En hiver, la neige couvrit les terres du monastère. Un jour, Raïssa glissa sur le perron et se blessa gravement au bras. Lorsqu’Alexeï l’apprit, il insista pour l’emmener dans une clinique en ville.
Dans la voiture, il dit soudain :
« Tu sais, je n’ai pas de famille non plus. Ma femme est morte il y a dix ans. Mes enfants sont partis. Et il me semble que toi et moi… nous nous comprenons. »
Raïssa sentit tout se mélanger en elle — la gratitude, la peur et une nouvelle, discrète espérance.
Au printemps, Alexeï lui proposa un travail : s’occuper de sa maison de campagne et aider au jardin.
« Tu peux y vivre », dit-il. « C’est une maison spacieuse. Et il n’y aura pas de loyer. »

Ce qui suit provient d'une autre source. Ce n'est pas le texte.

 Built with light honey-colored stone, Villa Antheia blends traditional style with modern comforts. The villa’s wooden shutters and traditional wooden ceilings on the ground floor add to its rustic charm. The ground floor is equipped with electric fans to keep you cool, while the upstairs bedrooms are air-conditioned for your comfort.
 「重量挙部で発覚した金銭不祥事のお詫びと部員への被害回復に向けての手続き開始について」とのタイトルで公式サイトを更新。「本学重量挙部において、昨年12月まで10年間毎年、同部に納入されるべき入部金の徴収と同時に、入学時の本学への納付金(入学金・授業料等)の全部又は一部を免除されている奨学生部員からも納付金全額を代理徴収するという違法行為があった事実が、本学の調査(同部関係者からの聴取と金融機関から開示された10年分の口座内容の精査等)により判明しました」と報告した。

Raïssa hésita longtemps. Il lui semblait qu’accepter encore une fois l’aide de quelqu’un signifiait admettre sa défaite. Mais Mère Agnia dit :
« Parfois, le Seigneur nous envoie des gens non pour nous éprouver, mais pour nous soutenir. »
Et Raïssa accepta.
La maison était lumineuse, avec un grand jardin où les pommiers fleurissaient au printemps. Alexeï vivait dans une aile séparée, mais l’invitait souvent à prendre le thé sur la véranda. Ils parlaient de livres, de musique et du passé.
Peu à peu, Raïssa commença à comprendre : à ses côtés, elle ne se sentait pas redevable. Leur relation était paisible, sans fausse passion, mais avec une chaleur qu’elle n’avait pas ressentie depuis longtemps.
Un soir, il dit :
« Tu sais, Raïssa, je ne te demande pas de te marier à nouveau. Mais… si un jour tu veux avoir un ami sur qui compter, je suis là. »

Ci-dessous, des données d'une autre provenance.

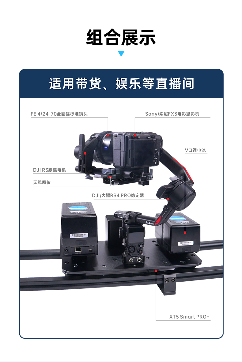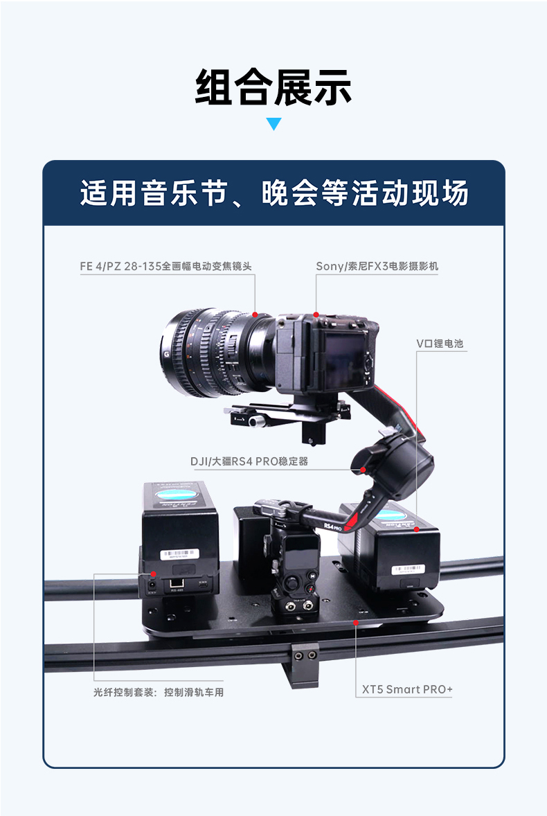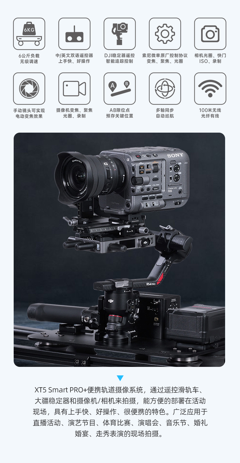 XT5 smart 是一款便携型遥控轨道摄像系统,通过远程遥控滑轨车、大疆稳定器和摄像机/相机来拍摄,具有上手快、好操作、很便携的特色。 广泛应用于活动现场、演艺表演、体育比赛、演唱会、音乐节、综艺真人秀等场景的拍摄。
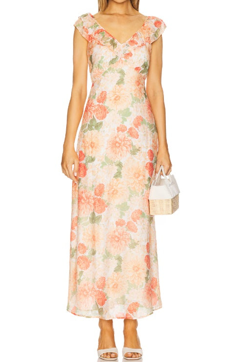 MinkPink Aida Frill Maxi Dress - Apricot Floral

Elle resta silencieuse, sentant les larmes lui monter aux yeux.
« Merci », murmura-t-elle. « Mais j’ai besoin de temps. »
Épilogue
Une année passa. Raïssa se tenait dans le jardin, où les pommiers étaient à nouveau en fleurs. Elle avait appris à s’occuper des arbres, à planter des fleurs et à cuisiner des tartes qu’Alexeï appelait « médecine contre la solitude ».
Parfois, elle se souvenait encore de Victor, mais désormais sans cette douleur vive.
Durant cette période, Alla avait vendu l’appartement et, selon les rumeurs, investi l’argent dans une affaire ratée.
Un jour, Raïssa reçut une courte lettre d’elle :
« Tu avais raison — les souvenirs sont parfois plus précieux que l’argent. »
Raïssa ne répondit pas. Mais il n’y avait pas de colère dans son cœur, seulement un pardon silencieux.
Ce soir-là, Alexeï sortit sur la véranda avec deux mugs de thé.
« Les étoiles sont particulièrement brillantes ce soir », dit-il.
Raïssa sourit.
« Probablement parce que la vie est redevenue lumineuse. »
Et elle comprit : la pauvreté lui convenait vraiment alors, car grâce à elle était venue une nouvelle joie, discrète mais authentique.